Der Gesundheitsminister fordert die Spezialisierung der Kliniken. Gerade in Berlin birgt aber das Probleme, sagt Ärztekammer-Experte Jörg Weimann.

Die von Bundesgesundheitsminister Karl Lauterbach (SPD) vorgestellten Pläne für eine Krankenhausreform sind auch in Berlin – wenngleich vorsichtig – gelobt worden. Nun melden sich Kritiker der avisierten Klinikreform zu Wort.

„Was auf dem Papier gut klingt, im Sinne medizinischer Qualität auch unter Ärzten akzeptiert ist, wird in der Umsetzung zur herkulischen Aufgabe“, sagt der Berliner Intensivmediziner Jörg Weimann. „Es fehlen Daten, es droht Rechtsstreit.“

Weimann ist Chefarzt im Sankt Gertrauden-Krankenhaus in Wilmersdorf und Experte für Intensivmedizin der Berliner Ärztekammer. Nach Lauterbachs Vision sollen sich Kliniken je nach Diagnosen und Schweregrade spezialisieren. Zudem sollen die Häuser, wenn Lauterbach sich durchsetzt, endlich die von ihnen geforderten Vorhaltemittel erhalten.

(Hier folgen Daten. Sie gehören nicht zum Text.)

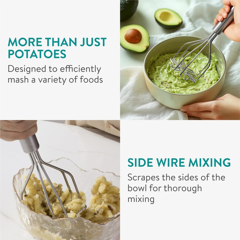 - SCRAPES WHILE YOU MASH: Equipped with a side wire, this masher kitchen tool not only mashes your food but also scrapes the sides of bowls and pots. This ensures less waste and more even mixing.

Viele Kliniken dürfen bestimmte Behandlungen dann nicht mehr durchführen.

 Jörg Weimann, Experte für Intensivmedizin der Berliner Ärztekammer

Bislang erhalten die Kliniken von den Krankenkassen pro Behandlungsfall eine fixe Pauschale – weshalb es lukrative Eingriffe gibt und solche, die mehr kosten, als sie einbringen. Es lohnt sich für die Krankenhäuser also, bestimmte Eingriffe massenhaft anzubieten und andere Behandlungen zu vernachlässigen.

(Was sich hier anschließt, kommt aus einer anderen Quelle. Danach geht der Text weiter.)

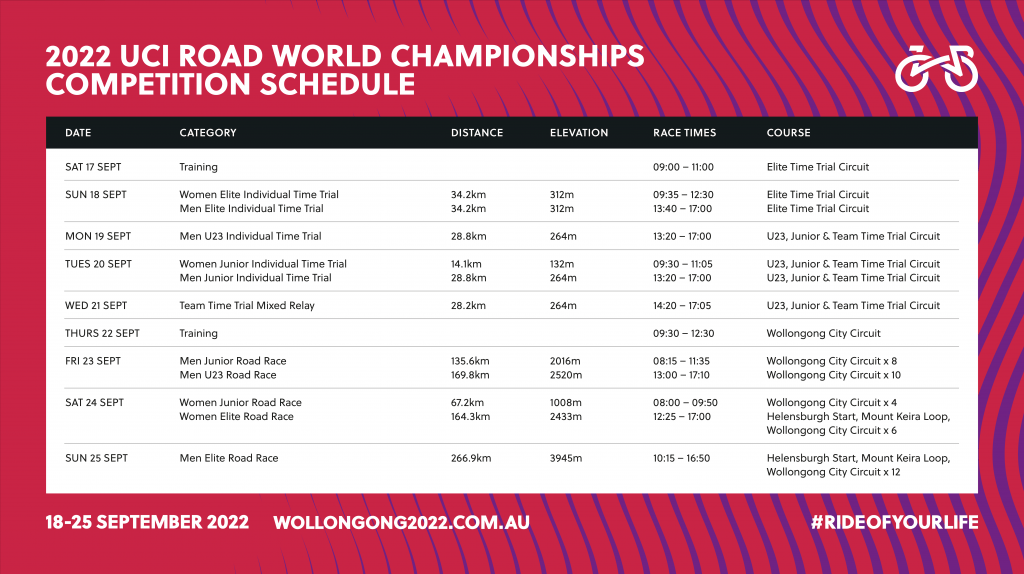 Nous allons bientôt entrer dans une semaine cruciale pour toutes les nations. En effet, c’est ce dimanche que débutent les « CHAMPIONNATS DU MONDE » de CYCLISME sur ROUTE. Voici quelques informations. L’AUSTRALIE est à l’autre bout de la planète. Les retransmissions seront données entre 02h00 et 07h00 + prolongements. Il va falloir se lever tôt ou ne pas dormir pour suivre les compétitions !!!

„Profit wird also gemacht, wo mit möglichst wenig Personal und Material entweder viele, kleinere oder aber teure, komplexere Fälle abgearbeitet werden“, sagt Weimann. „Gut, dass Lauterbach dieses Prinzip zumindest abschwächen will.“ Dennoch berücksichtigten seine Pläne etwa Weiterbildung kaum, dabei müsse darin investiert werden. 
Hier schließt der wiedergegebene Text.